SOBAcl --rows type --columns seqid --data length --data_type mean hsap_hg18_demo.gff3
                   type length (mean)
========================================================
|type           |chr1        |chr2        |chr3        |
========================================================
|CDS            |      168.67|      169.28|      159.59|
+---------------+------------+------------+------------+
|contig         |247249718   |242951148   |199501826   |
+---------------+------------+------------+------------+
|exon           |      308.16|      270.85|      287.11|
+---------------+------------+------------+------------+
|five_prime_UTR |      554.27|      618.66|      629.51|
+---------------+------------+------------+------------+
|gene           |    48070.89|    88243.71|    73324.19|
+---------------+------------+------------+------------+
|mRNA           |    50172.13|    90551.96|    77185.4 |
+---------------+------------+------------+------------+
|ncRNA          |    20691.15|    47374.06|    11193.95|
+---------------+------------+------------+------------+
|three_prime_UTR|      539.2 |      579.47|      596.2 |
--------------------------------------------------------

Let's look at the minimum feature length for the entire file.
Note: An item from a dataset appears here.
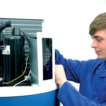 - La liaison frigorifique nécessite des qualifications particulières au moment de l'installation. Plus coûteux, ce chauffe-eau thermodynamique est composé de deux unités : une intérieure et une extérieure. Cette dernière peut localement représenter une gêne du fait de son impact visuel et acoustique.

SOBAcl --rows type --data length --data_type min hsap_hg18_demo.gff3
          type length (min)
=====================================
|type           |hsap_hg18_demo.gff3|
=====================================
|CDS            |        2          |
+---------------+-------------------+
|contig         |199501826          |
+---------------+-------------------+
|exon           |        6          |
+---------------+-------------------+
|five_prime_UTR |        0          |
+---------------+-------------------+
|gene           |       74          |
+---------------+-------------------+
|mRNA           |      287          |
+---------------+-------------------+
|ncRNA          |       74          |
+---------------+-------------------+
|three_prime_UTR|        0          |
-------------------------------------

Specifying --data_type footprint will give us a look at the "tiled" length of the features on the chromosome.

SOBAcl --rows type --data length --data_type footprint hsap_hg18_demo.gff3
       type length (footprint)
=====================================
|type           |hsap_hg18_demo.gff3|
=====================================
|CDS            |  1829153          |
+---------------+-------------------+
|contig         |247249719          |
+---------------+-------------------+
|exon           |  3423479          |
+---------------+-------------------+
|five_prime_UTR |   785362          |
+---------------+-------------------+
|gene           | 61344223          |
+---------------+-------------------+
|mRNA           | 60303556          |
+---------------+-------------------+
|ncRNA          |  1627355          |
+---------------+-------------------+
|three_prime_UTR|   717369          |
-------------------------------------

Perhaps we want to load that data into Excel so the we can prepare a table or figure for our paper.

SOBAcl --rows type --data length --data_type footprint --format tab hsap_hg18_demo.gff3
	hsap_hg18_demo.gff3
CDS	        1829153
contig	        247249719
exon	        3423479
five_prime_UTR	785362
gene	        61344223
mRNA	        60303556
ncRNA	        1627355
three_prime_UTR	717369

Charts

Let's start by looking at the mean length of the features.

SOBAcl --x_data type --series seqid --data length --data_type mean \
  --layout bars --format png hsap_hg18_demo.gff3
firefox SOBAcl_graphic_chr*.png
SOBA feature lengths for chromosome 1
SOBA feature lengths for chromosome 2
SOBA feature lengths for chromosome 3

That worked, but it doesn't look quite like what we had in mind. First of all, the X-axis labels overrun each other, the contig feature is so long that none of the other feature lengths even show up on the chart, and we've got three charts - one for each chromosome (seqid). Let's fix all of those problems using the --gd, --collapse and --select parameters.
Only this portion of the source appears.